▶ INSTRUCTIONS FOR THE TASK:
The lines from the one holding "我选的这款油烟机,在灶台上面" through the end of the records below are to be written out exactly, and nothing else; pictures are to be left out.

Collected data entries
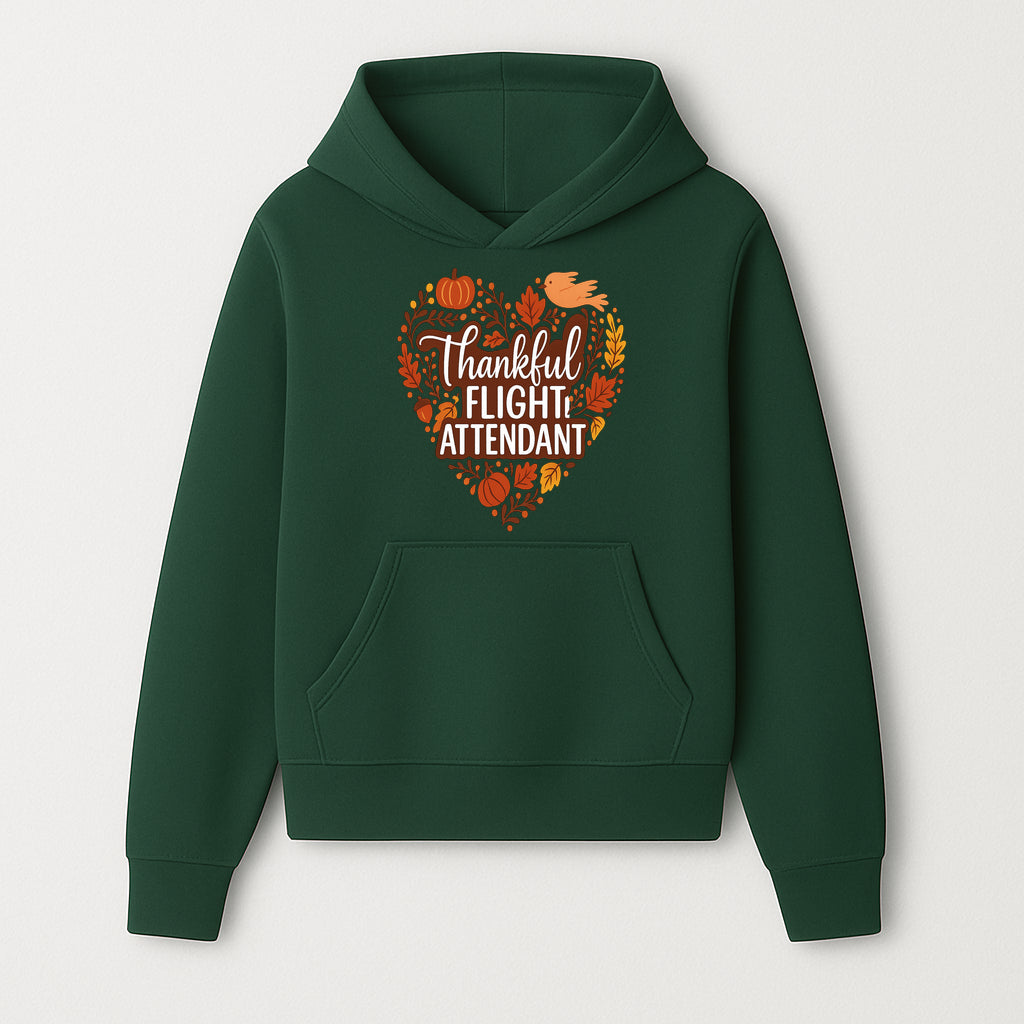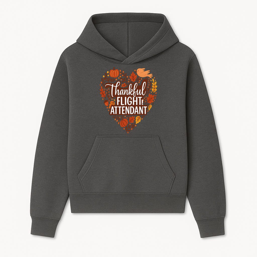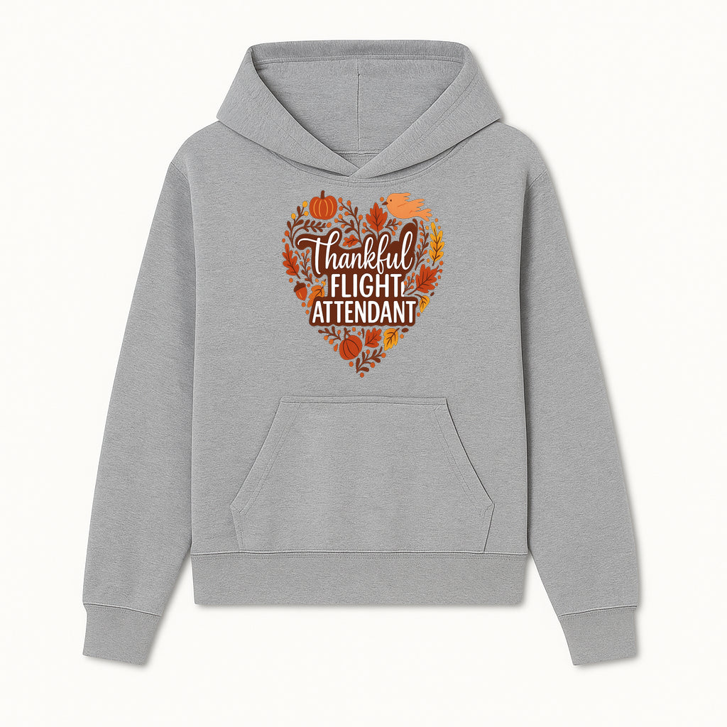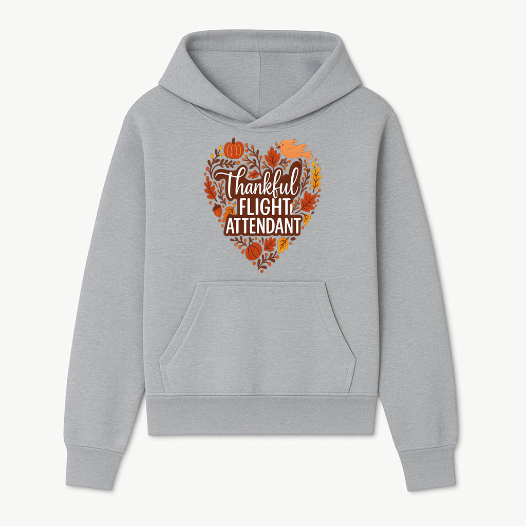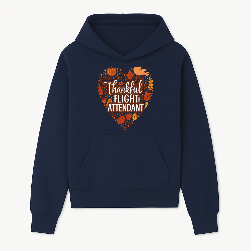 Thankful Flight Attendant Fall Thanksgiving Heart Art Print, Autumn Decor, Airline Crew Gift, Nature-Inspired Wall Art, Seasonal Home Decor - Hoodie
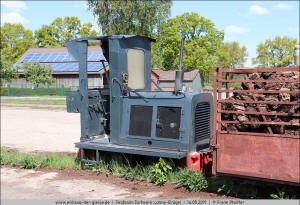 | 1.1 Schöma 2658/1963, eine KDL 10, ist am 23.06.2011 dafür verantwortlich, die entladenen Loren aus der Halle zu ziehen. |
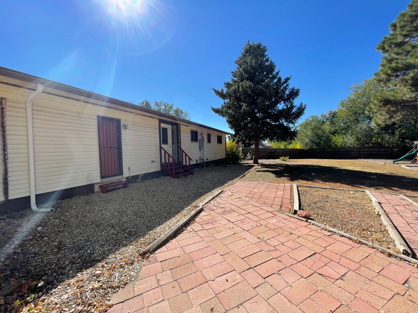 Beautiful two-level home featuring five cozy bedrooms and two bathrooms, including a main bathroom with a double sink and a relaxing bathtub. The kitchen is spacious and beautifully designed, offering plenty of storage. Enjoy a large fenced backyard with mature trees, a small playground, and additional storage sheds — perfect for both relaxation and family activities.
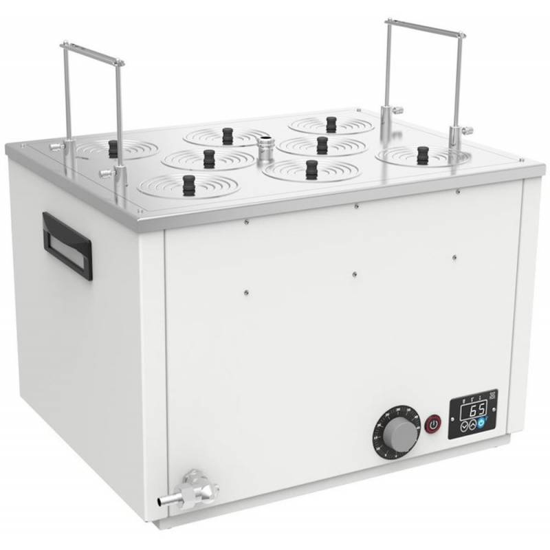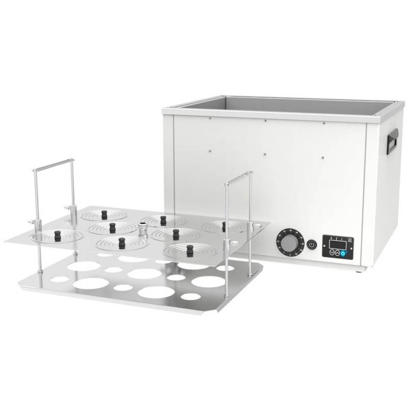 Универсальная баня ЛБ84 оснащена легко извлекаемой корзиной с подвижным дном для размещения лабораторной посуды различного размера и стальными концентрическими кольцами для ее уплотнения.
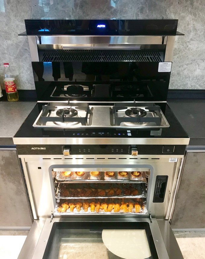 我选的这款油烟机,在灶台上面可以炒、炸、煎、煮;灶台下面70L大容量能够做到高温蒸、普通蒸、焙烤、风焙烤、发酵、解冻、烘干、保温八大智能烹饪模式随意切换;
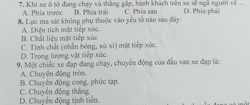 7. Khi xe ô tô đang chạy và thăng gấp, hành khách trên xe sẽ ngã người về ... A. Phía trước 8. Lực ma sát không phụ thuộc vào yếu tổ nào sau đây: A. Diện t
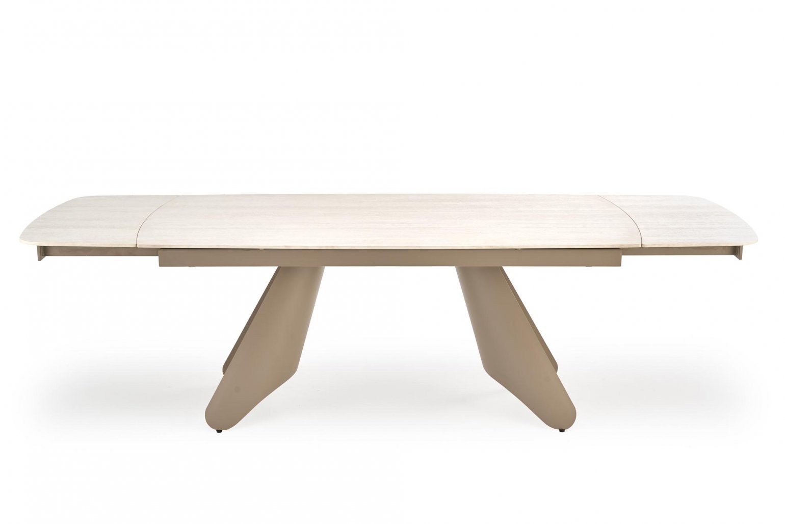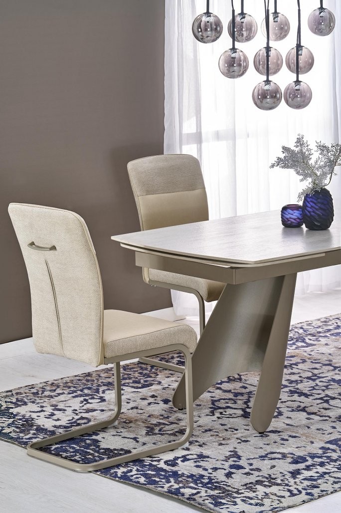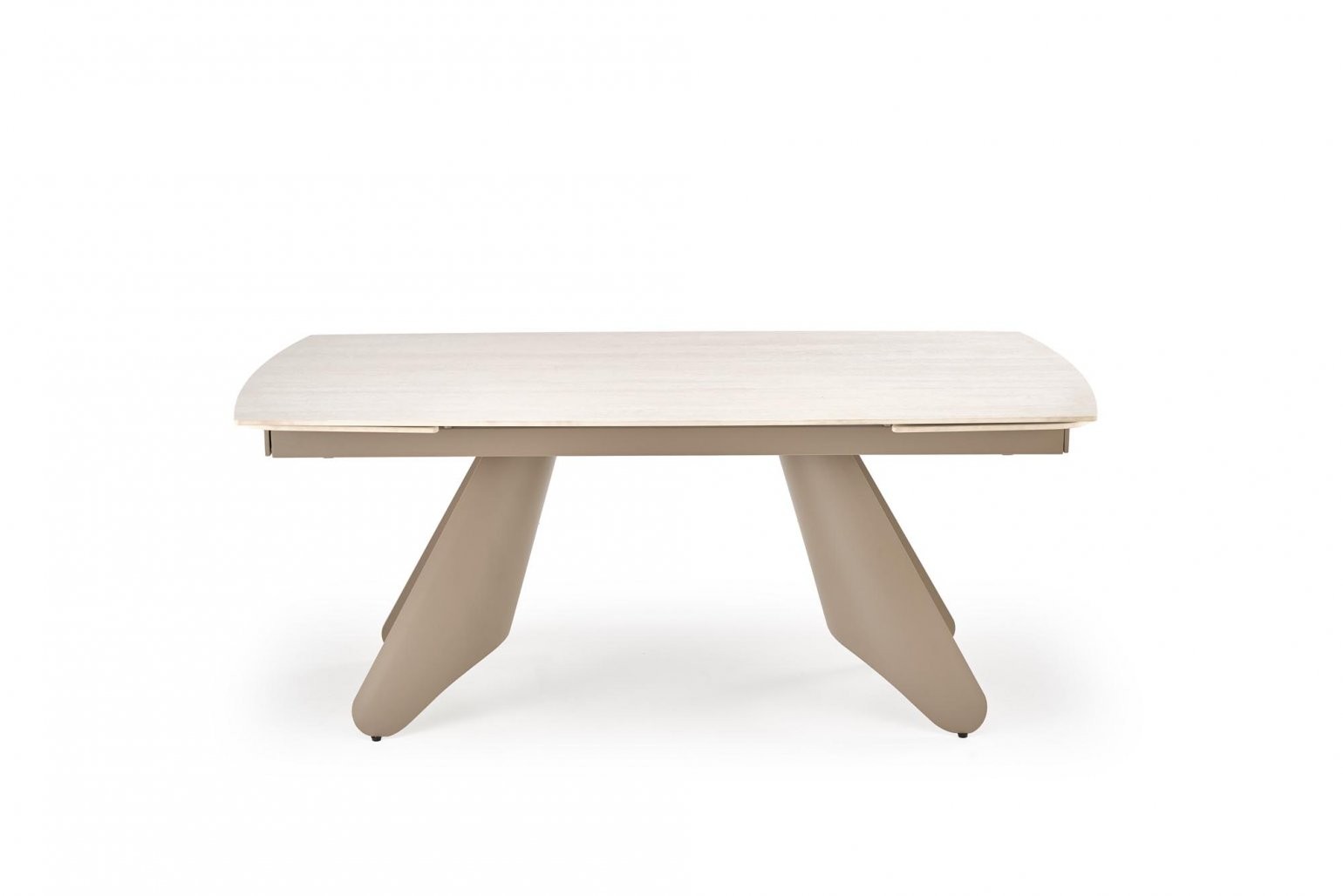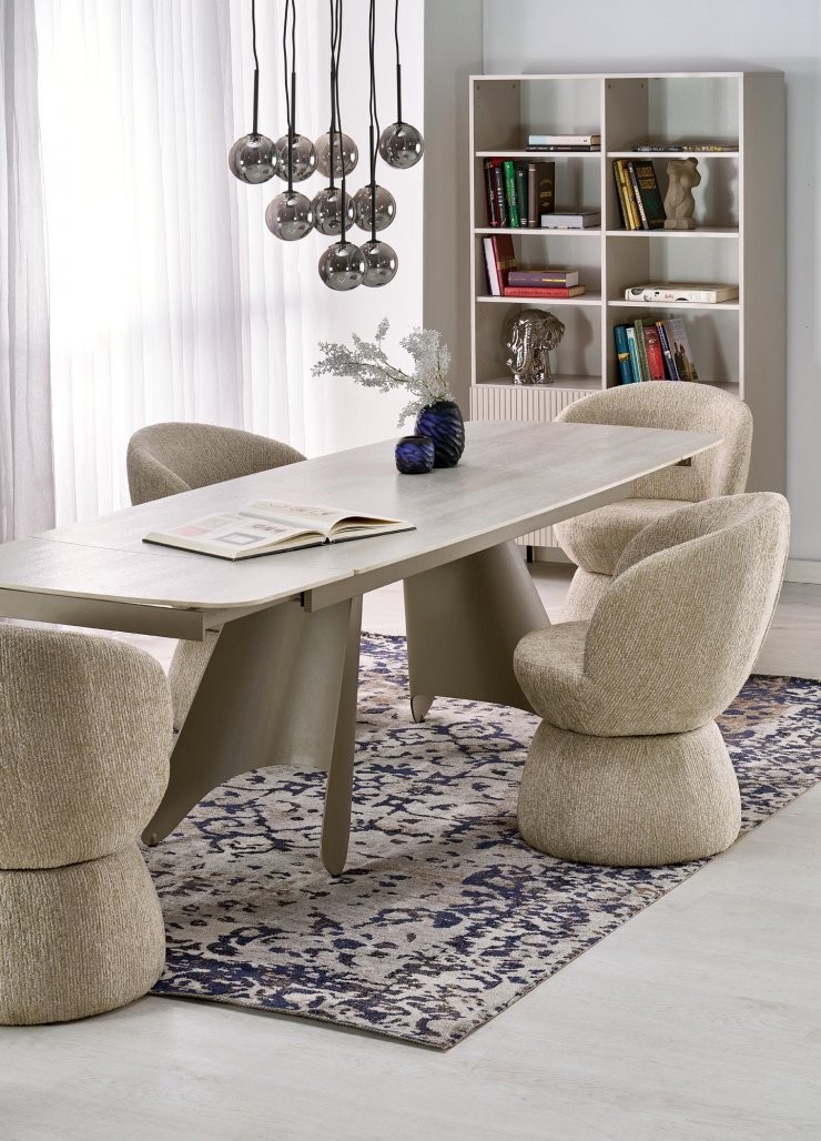 Miza je izdelana iz visokokakovostnih materialov, ki zagotavljajo dolgotrajno vzdržljivost. Mizna plošča je iz sintranega kamna, ki je znan po svoji odpornosti na praske in toploto, medtem ko so noge iz prašno lakiranega jekla. Elegantna barvna kombinacija vrha v imitaciji travertina in nog v barvi kašmirja prinaša topel in sodoben videz. Z nosilnostjo do 60 kg je ta miza robustna in zanesljiva izbira.
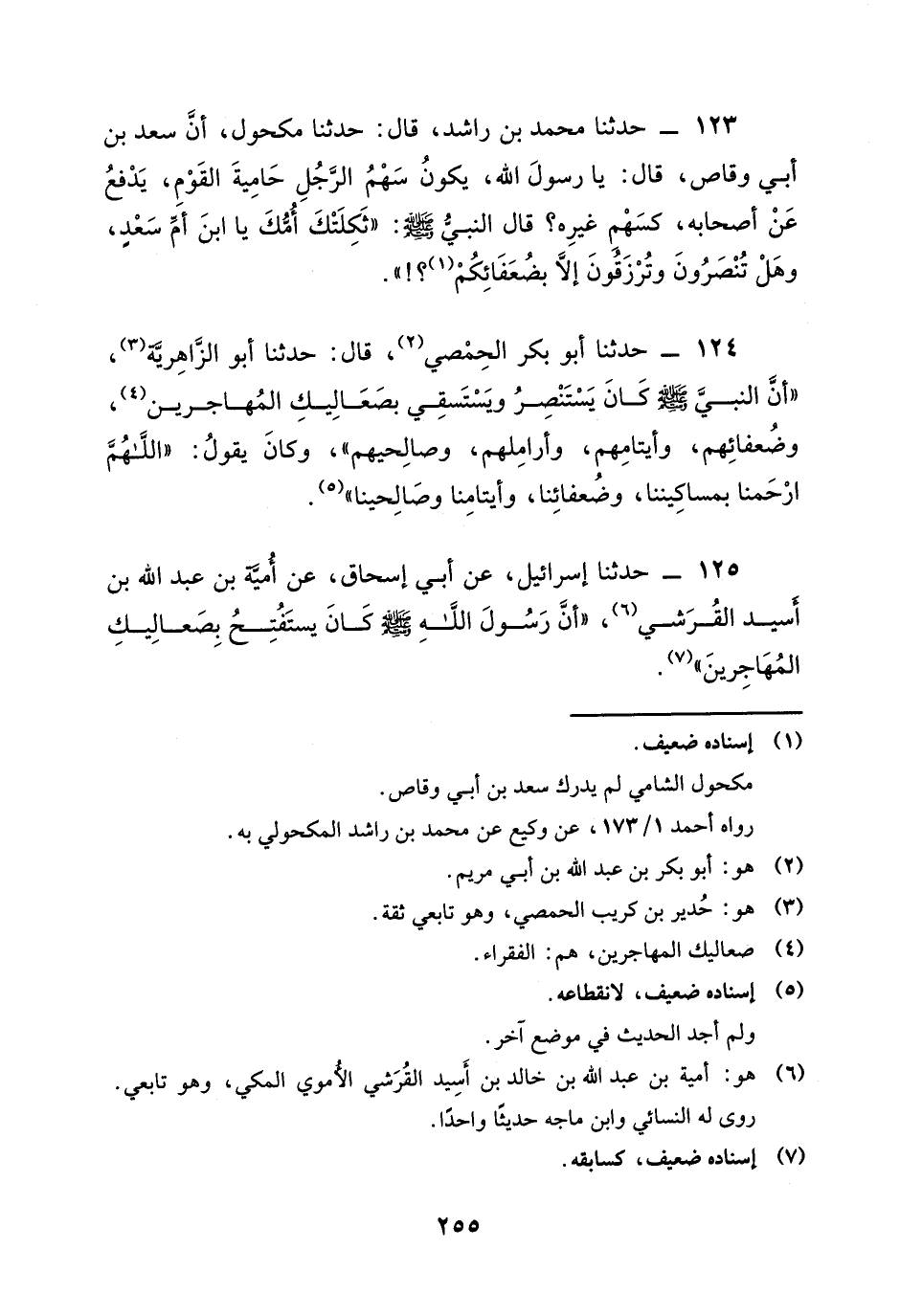 123 - حَدَّثَنَا مُحَمَّدُ بْنُ رَاشِدٍ، قَالَ: حَدَّثَنَا مَكْحُولٌ، أَنَّ سَعْدَ بْنَ أَبِي وَقَّاصٍ، قَالَ: يَا رَسُولَ اللَّهِ يَكُونُ سَهْمُ الرَّجُلِ حَامِيَةَ الْقَوْمِ، يَدْفَعُ عَنْ أَصْحَابِهِ، كَسَهْمِ غَيْرِهِ؟، قَالَ النَّبِيُّ صَلَّى اللهُ عَلَيْهِ وَسَلَّمَ: «ثَكِلَتْكَ أُمُّكَ يَا ابْنَ أُمِّ سَعْدٍ، §وَهَلْ تُنْصَرُونَ وَتُرْزَقُونَ إِلَّا بِضُعَفَائِكُمْ؟»
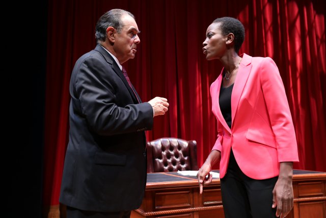 Scalia’s new clerk Cat, a black woman who made Harvard Law Review, is the feisty Tracy Ifeachor. Not surprisingly, Ifeachor started her career with The Royal Shakespeare Company. When the Justice asks why she applied for the job, she reports she did it on a bet when she was drunk. Whether or not this is true, the Justice is enjoying his adversary. The sparring has begun.

▶ REPLY TO THE TASK:
 我选的这款油烟机,在灶台上面可以炒、炸、煎、煮;灶台下面70L大容量能够做到高温蒸、普通蒸、焙烤、风焙烤、发酵、解冻、烘干、保温八大智能烹饪模式随意切换;
 7. Khi xe ô tô đang chạy và thăng gấp, hành khách trên xe sẽ ngã người về ... A. Phía trước 8. Lực ma sát không phụ thuộc vào yếu tổ nào sau đây: A. Diện t
 Miza je izdelana iz visokokakovostnih materialov, ki zagotavljajo dolgotrajno vzdržljivost. Mizna plošča je iz sintranega kamna, ki je znan po svoji odpornosti na praske in toploto, medtem ko so noge iz prašno lakiranega jekla. Elegantna barvna kombinacija vrha v imitaciji travertina in nog v barvi kašmirja prinaša topel in sodoben videz. Z nosilnostjo do 60 kg je ta miza robustna in zanesljiva izbira.
 123 - حَدَّثَنَا مُحَمَّدُ بْنُ رَاشِدٍ، قَالَ: حَدَّثَنَا مَكْحُولٌ، أَنَّ سَعْدَ بْنَ أَبِي وَقَّاصٍ، قَالَ: يَا رَسُولَ اللَّهِ يَكُونُ سَهْمُ الرَّجُلِ حَامِيَةَ الْقَوْمِ، يَدْفَعُ عَنْ أَصْحَابِهِ، كَسَهْمِ غَيْرِهِ؟، قَالَ النَّبِيُّ صَلَّى اللهُ عَلَيْهِ وَسَلَّمَ: «ثَكِلَتْكَ أُمُّكَ يَا ابْنَ أُمِّ سَعْدٍ، §وَهَلْ تُنْصَرُونَ وَتُرْزَقُونَ إِلَّا بِضُعَفَائِكُمْ؟»
 Scalia’s new clerk Cat, a black woman who made Harvard Law Review, is the feisty Tracy Ifeachor. Not surprisingly, Ifeachor started her career with The Royal Shakespeare Company. When the Justice asks why she applied for the job, she reports she did it on a bet when she was drunk. Whether or not this is true, the Justice is enjoying his adversary. The sparring has begun.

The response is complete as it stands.